What have hedge funds been doing with Bed Bath & Beyond Inc. (NASDAQ:BBBY)?
Heading into the fourth quarter of 2019, a total of 23 of the hedge funds tracked by Insider Monkey were bullish on this stock, a change of 15% from one quarter earlier. On the other hand, there were a total of 28 hedge funds with a bullish position in BBBY a year ago. So, let’s check out which hedge funds were among the top holders of the stock and which hedge funds were making big moves.
Among these funds, Legion Partners Asset Management held the most valuable stake in Bed Bath & Beyond Inc. (NASDAQ:BBBY), which was worth $54.8 million at the end of the third quarter. On the second spot was Arrowstreet Capital which amassed $26.1 million worth of shares. AQR Capital Management, Southpoint Capital Advisors, and Renaissance Technologies were also very fond of the stock, becoming one of the largest hedge fund holders of the company. In terms of the portfolio weights assigned to each position Legion Partners Asset Management allocated the biggest weight to Bed Bath & Beyond Inc. (NASDAQ:BBBY), around 13.46% of its 13F portfolio. Scion Asset Management is also relatively very bullish on the stock, earmarking 13.39 percent of its 13F equity portfolio to BBBY.
Consequently, key money managers have been driving this bullishness. Southpoint Capital Advisors, managed by John Smith Clark, established the most outsized position in Bed Bath & Beyond Inc. (NASDAQ:BBBY). Southpoint Capital Advisors had $10.6 million invested in the company at the end of the quarter. Michael Burry’s Scion Asset Management also made a $8 million investment in the stock during the quarter. The following funds were also among the new BBBY investors: Sculptor Capital, Elise Di Vincenzo Crumbine’s Stormborn Capital Management, and Lee Ainslie’s Maverick Capital.
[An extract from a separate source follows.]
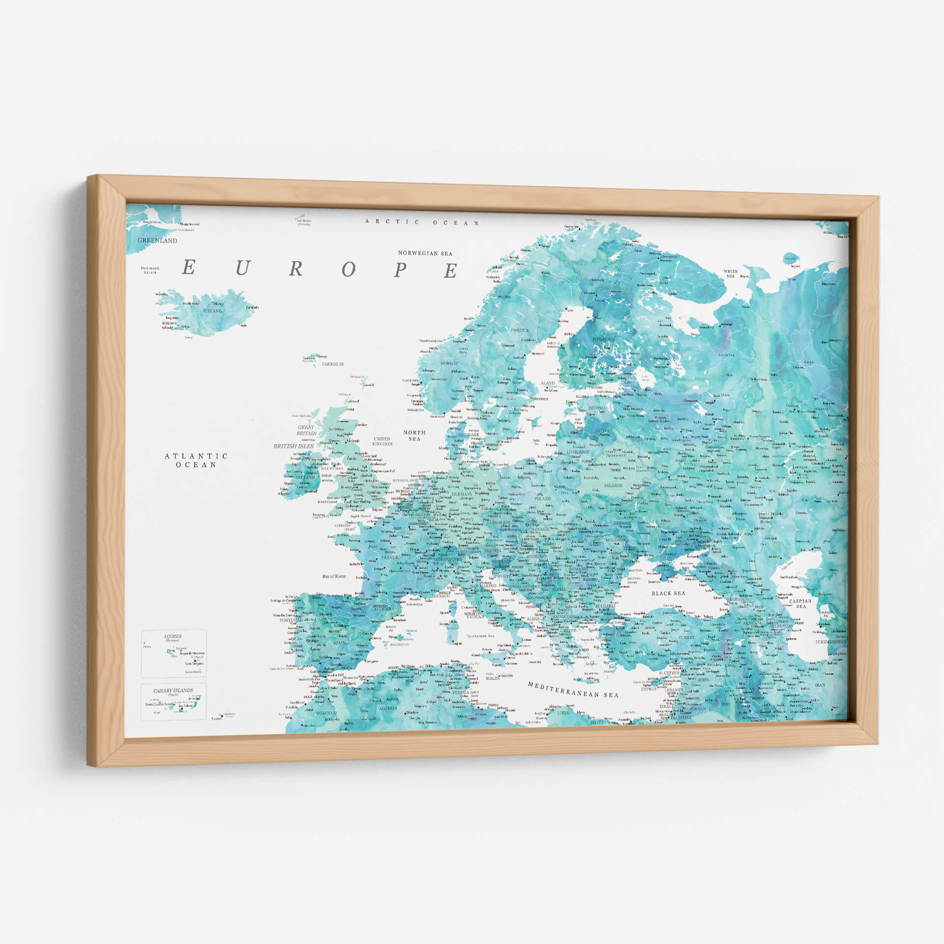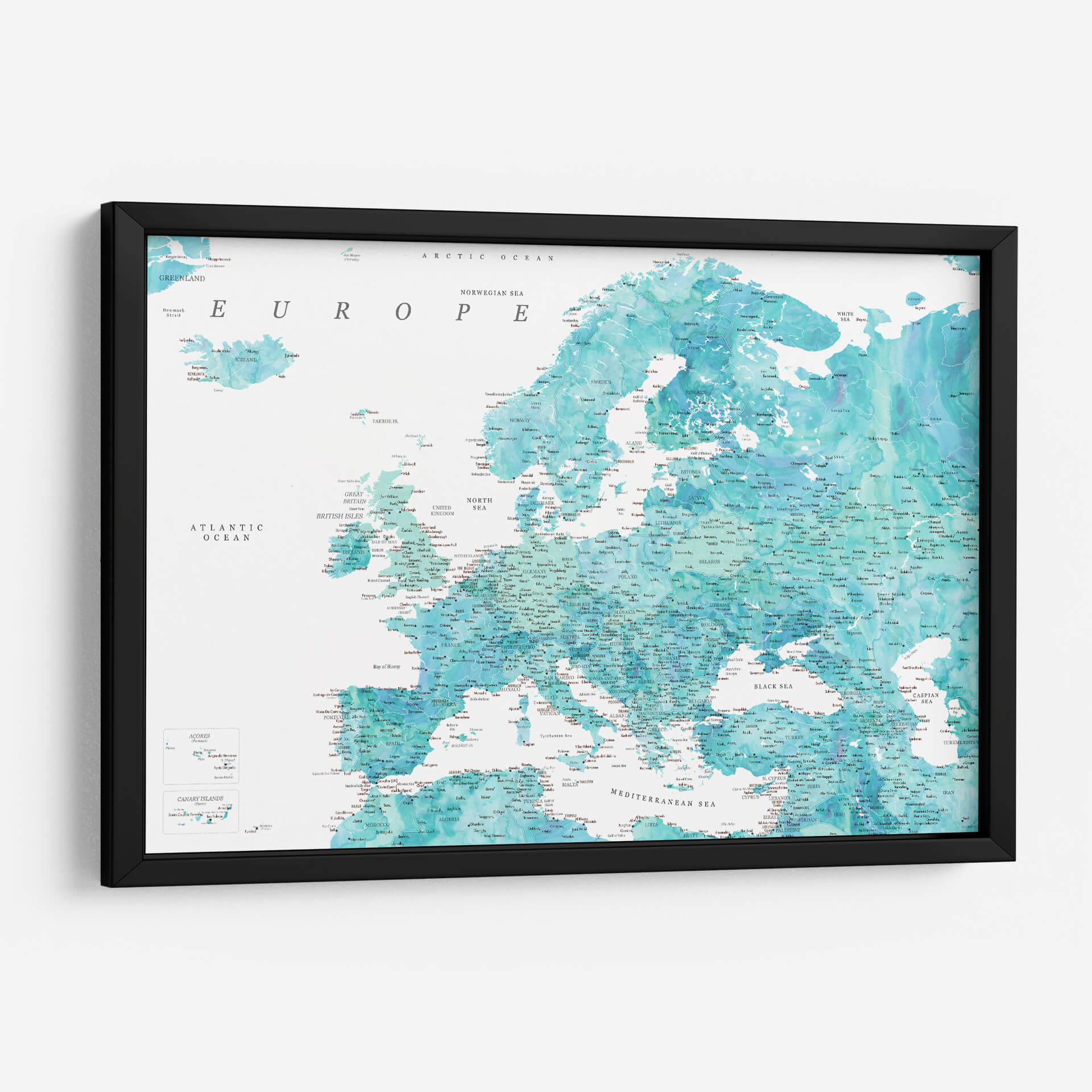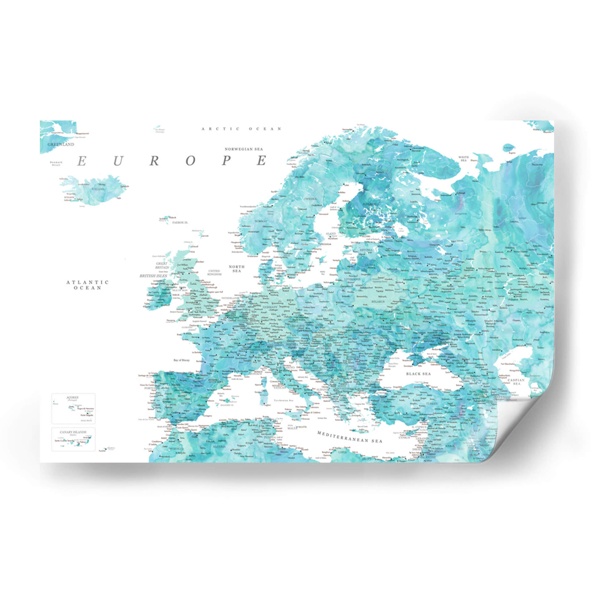 Sumérgete en la belleza cartográfica con este detallado mapa de Europa en tonos aguamarina. La obra de arte de Rosana Laiz Blursbyai captura la esencia del continente europeo a través de una paleta de colores serenos y vibrantes que evocan la profundidad del océano y la claridad del cielo. Cada país, ciudad y accidente geográfico está representado con una precisión exquisita, invitando a la exploración visual y al descubrimiento. Los sutiles degradados y las texturas acuosas añaden una dimensión artística única, transformando un elemento geográfico en una pieza decorativa cautivadora. Este cuadro decorativo es ideal para infundir una sensación de calma y conocimiento en cualquier espacio, ya sea tu hogar u oficina. Su estilo contemporáneo y su temática universal lo convierten en una elección perfecta para quienes aprecian tanto la geografía como el arte. Añade un toque de elegancia y sofisticación a tus paredes, y deja que este mapa detallado de Europa sea el punto de partida para conversaciones inspiradoras y una fuente continua de admiración. Transforma tu entorno con esta representación artística del viejo continente, perfecta para amantes de los viajes y la decoración de interiores.

Let’s now review hedge fund activity in other stocks similar to Bed Bath & Beyond Inc. (NASDAQ:BBBY). We will take a look at Actuant Corporation (NYSE:ATU), Sonic Automotive Inc (NYSE:SAH), Qiwi PLC (NASDAQ:QIWI), and Eidos Therapeutics, Inc. (NASDAQ:EIDX). This group of stocks’ market values resemble BBBY’s market value.
|Ticker||No of HFs with positions||Total Value of HF Positions (x1000)||Change in HF Position|
View table here if you experience formatting issues.
As you can see these stocks had an average of 12.25 hedge funds with bullish positions and the average amount invested in these stocks was $147 million. That figure was $162 million in BBBY’s case. Eidos Therapeutics, Inc. (NASDAQ:EIDX) is the most popular stock in this table. On the other hand Actuant Corporation (NYSE:ATU) is the least popular one with only 10 bullish hedge fund positions. Compared to these stocks Bed Bath & Beyond Inc. (NASDAQ:BBBY) is more popular among hedge funds. Our calculations showed that top 20 most popular stocks among hedge funds returned 41.3% in 2019 and outperformed the S&P 500 ETF (SPY) by 10.1 percentage points. Hedge funds were also right about betting on BBBY as the stock returned 60.8% in 2019 and outperformed the market by an even larger margin. Hedge funds were clearly right about piling into this stock relative to other stocks with similar market capitalizations.